Changes in PCQ and MLCFQ scores for each of the 12 PCQ items and each of the seven MLCFQ domains were compared using Wilcoxon signed-rank tests for pre–post/post-test pairs and then-post/post-test pairs. Alpha was set at the 0.05 level and the Bonferroni correction for multiple comparisons was applied in each set of tests. Participants who did not complete the course due to COVID were excluded from analysis.

Workshop feedback scores and post-programme-only scores were analysed using descriptive statistics.

Free-text comments were analysed by thematic analysis, using Kirkpatrick’s levels17 as a sensitising framework.

Results

Programme Completion

19 of the 26 participants (73%) completed the programme (see Table 1 above). The majority of participants who dropped out were of a clinical background. Participants who dropped out cited personal reasons or increased pressures relating to COVID-19.

Leadership Self-Assessments

In the PCQ there were significant increases in three of the seven domains of the PCQ (Teamworking, Planning & Organising, Delivering Results) and one of the five tasks (Inspire) using both prospective and retrospective self-assessments (see Figure 1). In addition, there were significant changes in “Setting Strategic Direction” and all of the remaining Tasks (Focus, Enable, Reinforce, Learn) when analysing retrospective (then-post) pairs alone.
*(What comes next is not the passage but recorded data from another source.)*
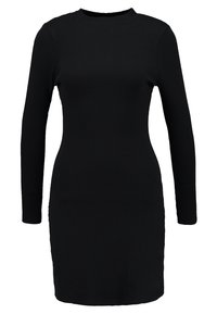Robe noire à manches longues côtelée avec un col rond, une coupe ajustée et des fentes latérales à l'ourlet pour faciliter les mouvements.
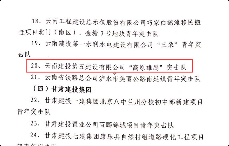 11月18日,西南、西北八?。▍^(qū))建筑業(yè)第二十五屆“貢獻(xiàn)杯”聯(lián)賽公布先進(jìn)集體、先進(jìn)個(gè)人名單,五〇一直管部空港項(xiàng)目“高原雄鷹青年突擊隊(duì)”榮獲“優(yōu)秀青年突擊隊(duì)”稱(chēng)號(hào)。五〇一直管部空港項(xiàng)目“高原雄鷹突擊隊(duì)”自項(xiàng)目開(kāi)工組建以來(lái),突擊隊(duì)隊(duì)員思想進(jìn)步,責(zé)任心強(qiáng),業(yè)務(wù)技術(shù)過(guò)硬。大力弘揚(yáng)不怕苦、不怕累、敢打惡仗、善打硬仗、能打勝仗的高原鐵軍精神,積極融入項(xiàng)目生產(chǎn)中,充分發(fā)揮青年突擊隊(duì)作用,過(guò)程中嚴(yán)密組織,精心管理…
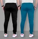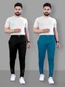 Pack of 2 Men Solid Black, Blue Track Pants
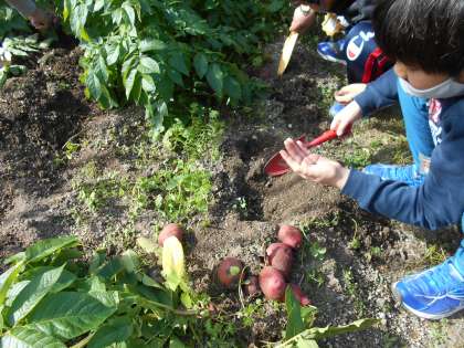 たんぽぽ畑で育てていたジャガイモがたくさん実りました。子どもたちも大喜びです。
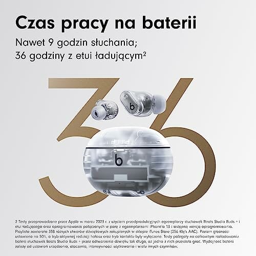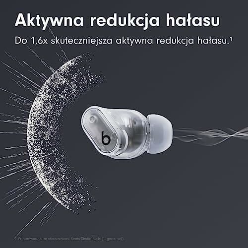 Beats Studio Buds + | prawdziwie bezprzewodowe słuchawki douszne z redukcją hałasu, rozszerzona obsługa urządzeń Apple i Android, słuchawki Bluetooth odporne na działanie potu – przezroczysty
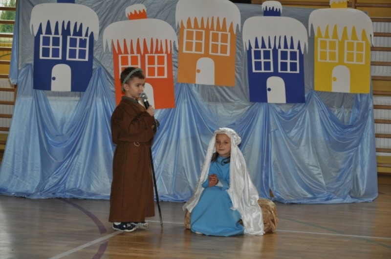 Dzieci w przepięknych strojach występowały przed swoimi rodzicami. Świąteczny wystrój sali oraz występ sympatycznych przedszkolaków wprowadził wszystkich w bożonarodzeniowy nastrój. Po przedstawieniu odbył się kiermasz bożonarodzeniowy, z którego dochód zostanie przeznaczony na pomoc dzieciom z Placówki Opiekuńczo – Wychowawczej w Łoniowie. Dziękujemy Rodzicom za tak liczne przybycie i przyłączenie się do naszej akcji. Jasełka przygotowała Izabela Fic i Anna Kwiatkowska, a kiermasz bożonarodzeniowy - Beata Domagała i Aneta Brzychcy- Zybała z uczniami.
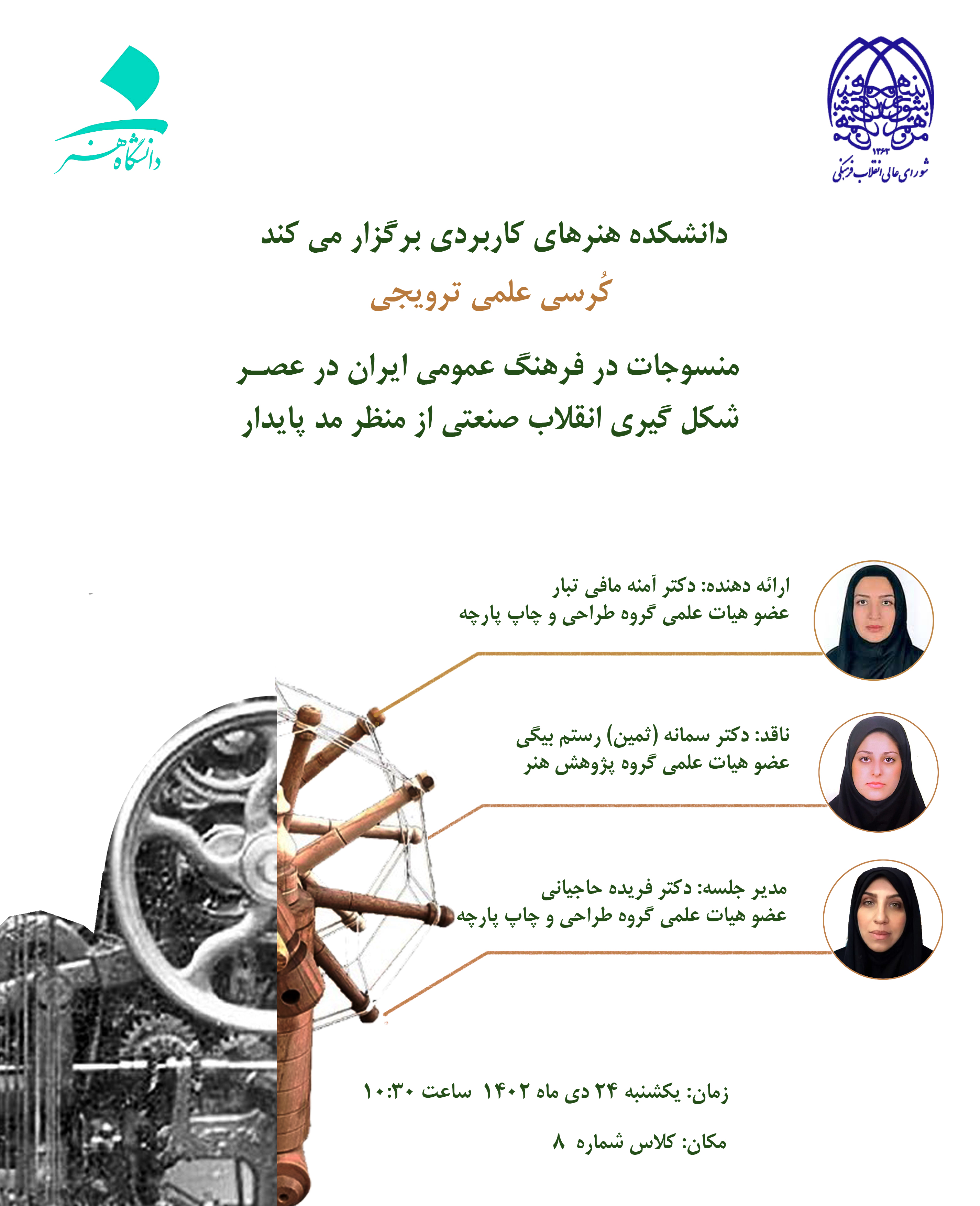 برگزاری کرسی علمی ترویجی با عنوان: منسوجات در فرهنگ عمومی ایران در عصر شکلگیری انقلاب صنعتی ازمنظر مد پایدار ۱۶ دی ۱۴۰۲ | ۱۲:۲۶ کد : ۵۹۷۶ در دانشکده چه میگذرد؟ ارسال به دیگران نام شما ایمیل شما ایمیل دریافتکننده ارسال انصراف تعداد بازدید:۴۳۰

Figure 1 Mean Primary Colours Questionnaire (PCQ) Scores before and after the programme. Symbols indicate statistical significance. Traditional Pre refers to Ratings on a traditional pre-course questionnaire. Retrospective pre (Then) refers to ratings participants gave of themselves as they recall they had been at the start of the course. Post-test refers to ratings participants’ ratings of themselves at the end of the course. The significance symbols are differentiated for the traditional (Pre) and retrospective (Then) test for clarity.
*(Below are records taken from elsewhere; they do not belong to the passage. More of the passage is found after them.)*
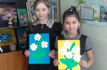 Укучылар, бәйрәм уңаеннан, әниләренә төрледән-төрле матур котлау открыткалары ясадылар.
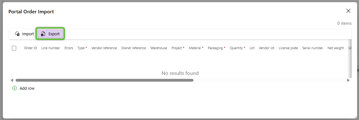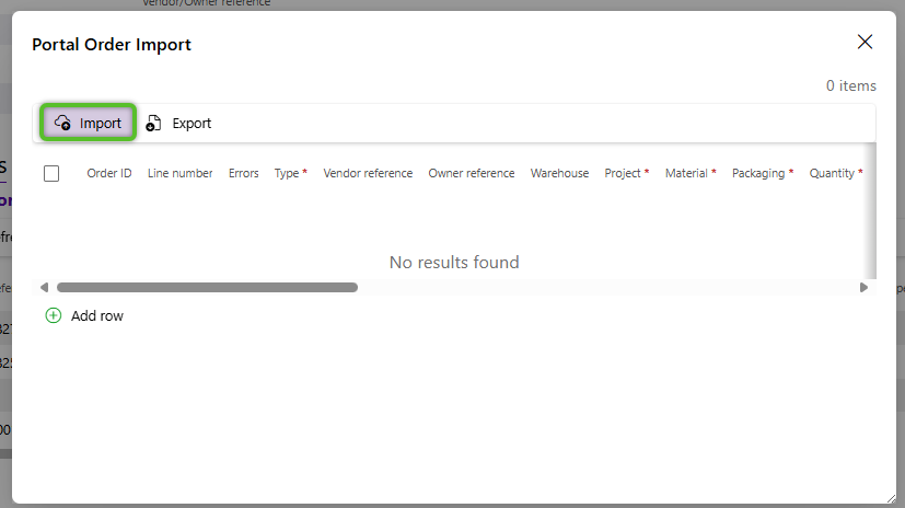 9. Save and close the spreadsheet. Click Import button in the Portal Import Order window to select the file for upload.
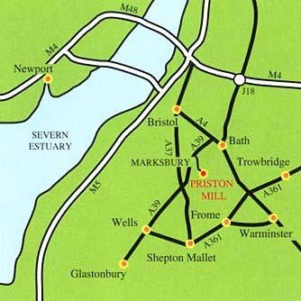 Directions by car: From Bath follow the A4 towards Bristol. From Bristol follow the A4 towards Bath. Take the A39 for Wells at the roundabout. Turn left at Marksbury and follow Heritage signs for Priston Mill. Distance from Bristol is approximately 8 miles and from Bath is 6 miles.
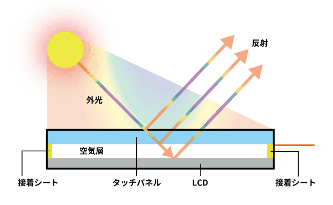 一般的なエアボンディングと呼ばれる貼り合わせ方法では、タッチパネルと液晶の間に空気層ができるため、空気層の界面で外光が反射し、画面がみえにくくなることがあります。 -
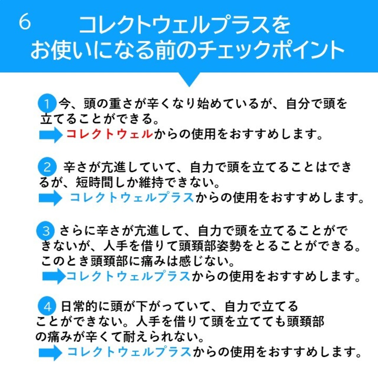 コレクトウェルプラスは、自分の力で頭の重みを支えることが辛くなり始めた方のための商品です。
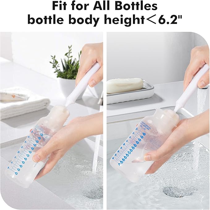 - Baby Bottle Cleaning - 11.4" silicone cleaning brush, opening design in the middle, fit for bottle collar or bottle mouth. 6.8" Sponge Brush fit for wide neck baby bottles cleaning and bottle height is less than 6 inches, and also fit for narrow neck baby bottles cleaning and bottle height is less than 5 inches
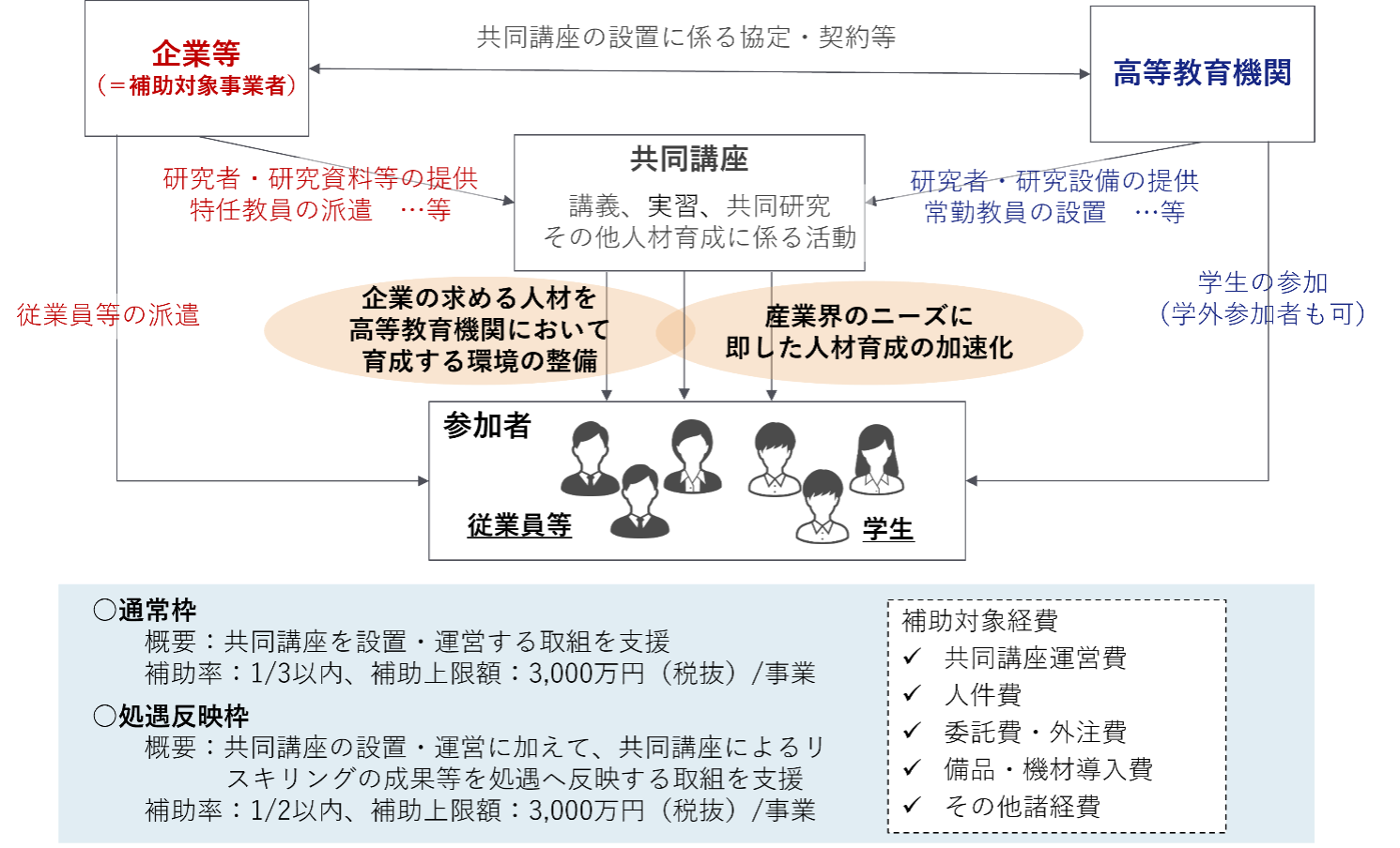そのため、本事業では、企業等が、⼤学・⾼等専⾨学校等の⾼等教育機関において、特定の分野に係る高度人材を育成するために講座やコース・学科等(=共同講座)を設置・運営することを目的として費用を支出する際、当該費用の一部を補助します。こうした取組を通じ、企業内の人材のリスキリングや、当該分野の学生の輩出を実現し、産業界のニーズに即した人材の育成の加速化を図ります。

While there was a statistically significant increase in two of the MLCFQ domains, identified using retrospective then-post pairs. However, these increases were small, particularly in comparison to those identified in the PCQ which are explored below.

Resilience

There were widely varying shifts in Brief Resilience Scale (BRS) scores across the course, with mixed increases and decreases for different individuals. There was no significant change in the BRS overall. The Supplementary Questionnaire did contain a neutrally phrased item related to resilience: “Has the programme affected your resilience?”. In this item, 53% stated their resilience had increased and no participant reported a decrease.

Mixed-Methods Data

The programme demonstrated positive impact on all four of Kirkpatrick’s levels, as shown in Table 2. Free-text comments were broadly positive and described participants believing they had successfully developed their leadership skills and ability to think analytically and critically about leadership theory. One participant felt the “programme has made me realise how little empirical evidence there is for a lot of management training… a lot of it is quite unscientific.” The programme also led to a change in behaviour as participants spent a significant amount of time working on their group projects each week. Several participants stated that they expected to continue work on their group projects beyond the formal conclusion of the programme. Many also reported an improvement in team dynamics within their normal research groups, which they attributed to the application of skills they had learnt during the programme. Additionally, one participant successfully obtained grant funding during the later stage of the programme, for which they attributed credit to the NGLP for improving their confidence.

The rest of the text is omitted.